Five- and six-year-olds donned surgical masks and gloves and practiced pulling organs — the stuffed pretend variety — out of each other as part of the Mini-Medical School experience offered by Western University of Health Sciences.

The program started in 2011 when the school opened a campus in Lebanon, but this is the first year it’s traveled to Albany. Previously, the event was held at the COMP-Northwest campus and schools from Lebanon and Sweet Home were invited to send students to learn about skeletal structure, heart health and germs.

On Friday, first-year medical student Halle Burley had a group of kindergartners thrilled at the thought of being able to hear their own heartbeat. She rounded the table and helped little hands put the stethoscope to their chests, watching one by one as faces lit up at the sound.
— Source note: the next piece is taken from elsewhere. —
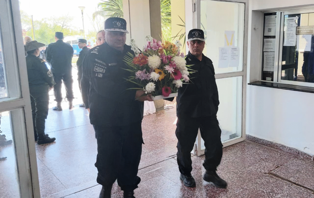 El acto dio inicio con la entonación del Himno Nacional Argentino, interpretado por integrantes de la Banda de Música Vera. Seguidamente, en homenaje al personal policial fallecido, el Señor Jefe de Policía de la Provincia, junto al Jefe de la UR XIX, depositaron una ofrenda floral, seguida de un minuto de silencio.

“We use a lot of hand motions,” she said about how she managed to bring real-life medical concepts down to a kindergarten level. “We talk about things simply. Everyone knows about exercise, so we talk about that and tie it into heart health." 

Next door, first-year medical student Austin Kleint, an East Linn Christian Academy graduate, was assisting students in surgery as two kindergartners lay on faux operating tables with stuffed organs inside a fake rib cage. Classmates pulled the parts out in an attempt to find the unhealthy one. He emphasized the importance of heart health, explaining that a “healthy heart means a healthy life.”
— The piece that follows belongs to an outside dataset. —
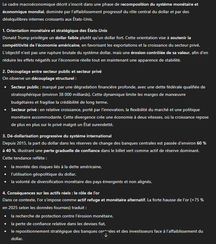 Bref Tchatgpt explique très bien l'faiblissement long terme potentiel du dollar

“We’re learning about community,” said kindergarten teacher Shaina Adams, as she watched students switch out hearts for lungs. “One place in the community is clinics and doctor’s offices.”

She said her students were excited at the chance to perform surgery and what they learned on Friday would be folded into the classroom even after the medical equipment was packed up and on its way back to Western University of Health and Sciences.
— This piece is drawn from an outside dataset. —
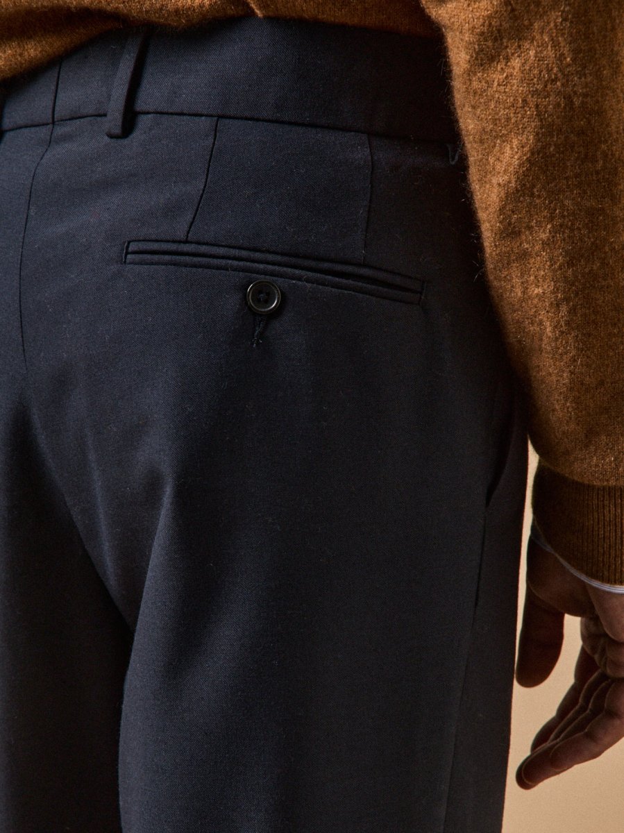- Plis creux et poches italiennes devant, pinces et poches passepoilées boutonnées dos

Fellow kindergarten teacher Megan Ciaffoni oversaw the hand-washing station where students washed their hands with special soap that leaves behind a substance meant to represent bacteria. They were given the chance to wash their hands again, making sure to scrub at the invisible germs and then run their hands under a black light to reveal what they had missed.

Students also had the opportunity to visit the skeleton station and learn about how bones and joints work together to help them move, as well as where certain bones in the body are located.

According to the college’s public affairs manager, Michelle Steinhebel, medical students do not receive school credit for their trip to Takena. Instead, it was part of a community service effort and not an official class.

“This event gives kids a hands-on opportunity to explore what it means to be a doctors,” she said, adding that it also highlighted the importance of preventative medicine.